A perceptron is a linear (binary) classifier on the training dataset \(\{x_i, y_i\}\) where \(y_i\) takes value in \(\{-1, +1\}.\)
The Linear Separability Assumption
For a perceptron classifier to work, we need the data set to be linearly separable. As you may know, two sets are linearly separable if and only if their convex hull has no intersection. Famous example of a simple non-linearly separable data set, the XOR problem is given by Minsky in 1969, which led to invention of multi-layer networks. To check the linear separable condition, we can apply the convex hull algorithm or to use the linear SVM to see if the corresponding error vanishes.
The Classifier
We composite the sign function with the linear regression model to get
\[\begin{align} h(x_i) = \text{sign}(\mathbf{w}^{T}x_i + b) \end{align}\]where b is the threshold term (intuitively the y-intercept in 2-D). See the following picture for an intuitive understanding of the perceptron model:
As dealing with b can be a pain, we ‘absorb’ it into the weight vector \(\mathbf{w}\) by adding one additional constant dimension. Under this convention,
\[\begin{align*} \mathbf{x}_i \hspace{0.1in} \text{becomes} \hspace{0.1in} \begin{bmatrix} \mathbf{x}_i \\ 1 \end{bmatrix} \\ \mathbf{w} \hspace{0.1in} \text{becomes} \hspace{0.1in} \begin{bmatrix} \mathbf{w} \\ b \end{bmatrix} \\ \end{align*}\]with these new notations, we simplify as
\[\begin{align} h(\mathbf{x}_i) = \textrm{sign}(\mathbf{w}^\top \mathbf{x}) \end{align}\]Geometrically speaking, any hyperplane given by the weight vector \(\mathbf{w}\) is an eligible perceptron and therefore there are infinitely many possible choices. How dow we choose one based on the training data set \(\{(x_i, y_i)\}\). A key obervation is that
\[\begin{align} y_i(\mathbf{w}^\top \mathbf{x}_i) > 0 \Longleftrightarrow \mathbf{x}_i \hspace{0.1in} \text{is classified correctly} \end{align}\]where ‘classified correctly’ means that \(x_i\) is on the correct side of the hyperplane defined by the weight vector \(\mathbf{w}\). Also, note that the left side depends on \(y_i \in \{−1,+1\}\) (it wouldn’t work for \(yi \in \{0,+1\}\)).

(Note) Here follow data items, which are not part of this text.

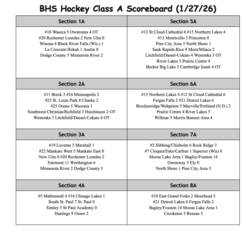 Check back here weekly for the latest results within BHS Class A Hockey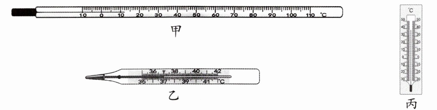 1.水温计 体温计 气温计 2.110 ℃ 42 ℃ 3.气温计 更准确的气温数据 4.不可以,因为开水的温度超过了气温计和体温计的量程(合理即可)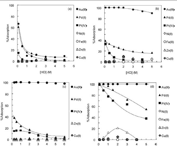在酸性氯化物介質(zhì)中,Au(III),Pd(II)和Pt(IV)分別生成穩(wěn)定的陰離子氯化物配合物,如AuCl 4 -,PdCl 4 2-和PtCl 6 2-,而大部分堿Ni(II),Zn(II)和Cu(II)等金屬離子以陽離子或中性形式存在,陰離子氯絡(luò)合物的濃度只有在Fe(III)情況下氯離子濃度較高時(shí)才有意義。圖3a-3d顯示了在不同的HCl濃度下,一些貴金屬和堿金屬離子在微藻殘余物,活性炭上的吸附%。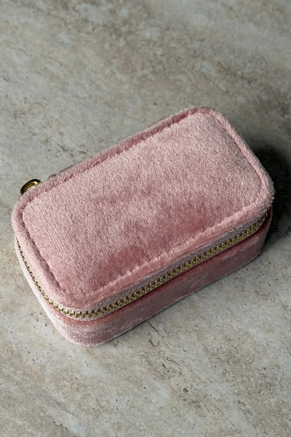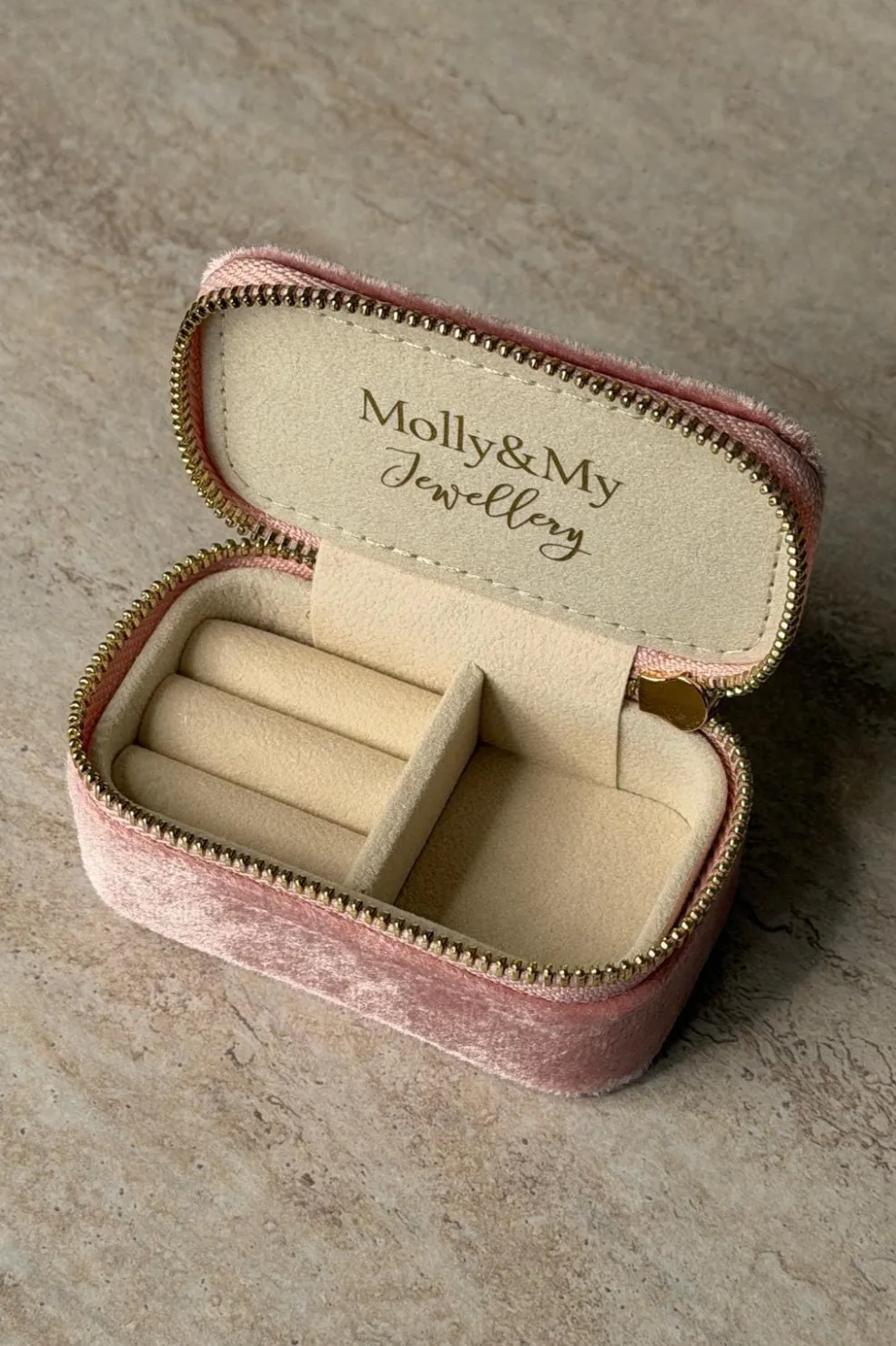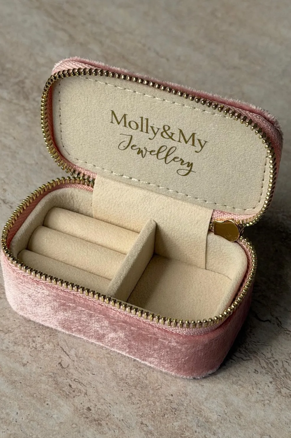 Pink smykkeboks fra Molly&My Jewellery, lavet med komponenter i rustfrit stål. Boksen har en neutral base i hvid, beige og creme med pink detaljer.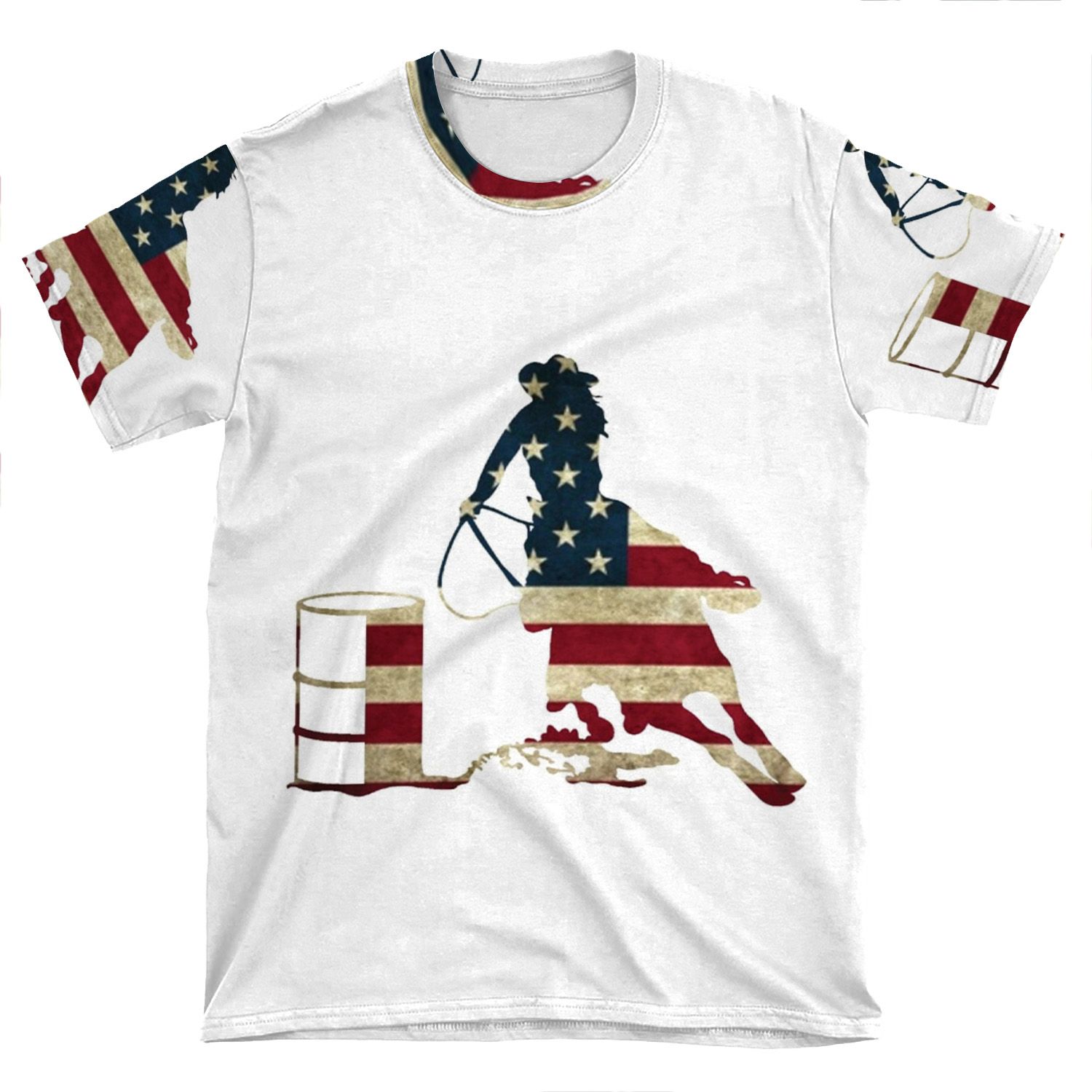 This Usa Barrel Racing AOP T-shirt Tee created to be a versatile and stylish companion for all your casual appearances. With its uniquely textured, thick, microfiber-knit fabric, this t-shirt bears a premium, soft feel that remains lightweight and highly breathable – the perfect combo for a hot day or layering.

The Perceptron Learning Algorithm
Now that we know what the w is supposed to do (defining a hyperplane the separates the data), let’s look at how we can get such w:
Intuitively, we have
(Left:) The hyperplane defined by \(\mathbf{w}_t\) misclassifies one red (-1) and one blue (+1) point. (Middle:) The red point x is chosen and used for an update. Because its label is -1 we need to subtract x from \(\mathbf{w}_t\). (Right:) The udpated hyperplane \(\mathbf{w}_{t+1}\) = \(\mathbf{w}_t\) − \(\mathbf{x}\) separates the two classes and the Perceptron algorithm has converged.

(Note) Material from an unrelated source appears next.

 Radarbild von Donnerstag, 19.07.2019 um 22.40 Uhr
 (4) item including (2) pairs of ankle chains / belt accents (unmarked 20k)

Convergence Theroem of the Perceptron Algorithm
The theorem states that for any finite set of linearly separable labeled examples, the perceptron learning algorithm will halt after a finite number of iterations. In other words, after a finite number of iterations, the algorithm yields a vector \(\mathbb{w}\) that classifies perfectly all the examples.
We refer the interested reader to the rigourous proof of the convergence theorem.

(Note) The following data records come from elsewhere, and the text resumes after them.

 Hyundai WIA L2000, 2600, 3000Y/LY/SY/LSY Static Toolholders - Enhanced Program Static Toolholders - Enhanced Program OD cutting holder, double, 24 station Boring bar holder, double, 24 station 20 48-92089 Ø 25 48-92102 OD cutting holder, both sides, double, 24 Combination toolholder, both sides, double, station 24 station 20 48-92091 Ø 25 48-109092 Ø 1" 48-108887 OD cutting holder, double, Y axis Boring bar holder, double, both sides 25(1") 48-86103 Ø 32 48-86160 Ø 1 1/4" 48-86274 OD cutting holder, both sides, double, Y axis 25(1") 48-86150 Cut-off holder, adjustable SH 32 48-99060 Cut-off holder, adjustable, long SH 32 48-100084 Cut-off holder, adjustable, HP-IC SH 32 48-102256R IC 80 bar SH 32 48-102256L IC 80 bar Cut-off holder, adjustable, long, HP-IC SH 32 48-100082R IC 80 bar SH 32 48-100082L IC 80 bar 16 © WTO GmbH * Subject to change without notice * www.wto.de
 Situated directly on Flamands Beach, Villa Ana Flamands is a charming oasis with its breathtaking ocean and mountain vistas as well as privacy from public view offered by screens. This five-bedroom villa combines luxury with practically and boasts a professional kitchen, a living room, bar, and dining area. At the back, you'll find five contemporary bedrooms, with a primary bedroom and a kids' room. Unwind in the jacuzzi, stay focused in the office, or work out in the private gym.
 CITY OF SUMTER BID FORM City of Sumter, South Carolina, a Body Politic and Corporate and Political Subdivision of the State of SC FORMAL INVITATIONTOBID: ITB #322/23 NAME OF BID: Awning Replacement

More About Perceptron Learning Algorithm
- Pro: simple to implement, fast, works in any dimension.
- Con: linear separable unknown a priori, halting time unknown which depends on the how “separated” the training data is.
- If the data set is not linear separable and if we relax the condition to find a line which minimize the number of mistakes \(\{ y_i \neq sign(\mathbf{w}^T\mathbf{x_i})\}.\) This problem is NP-hard to solve, unfortunately.
- The alternate solution is to hold somewhat the “best” weight in a pocket.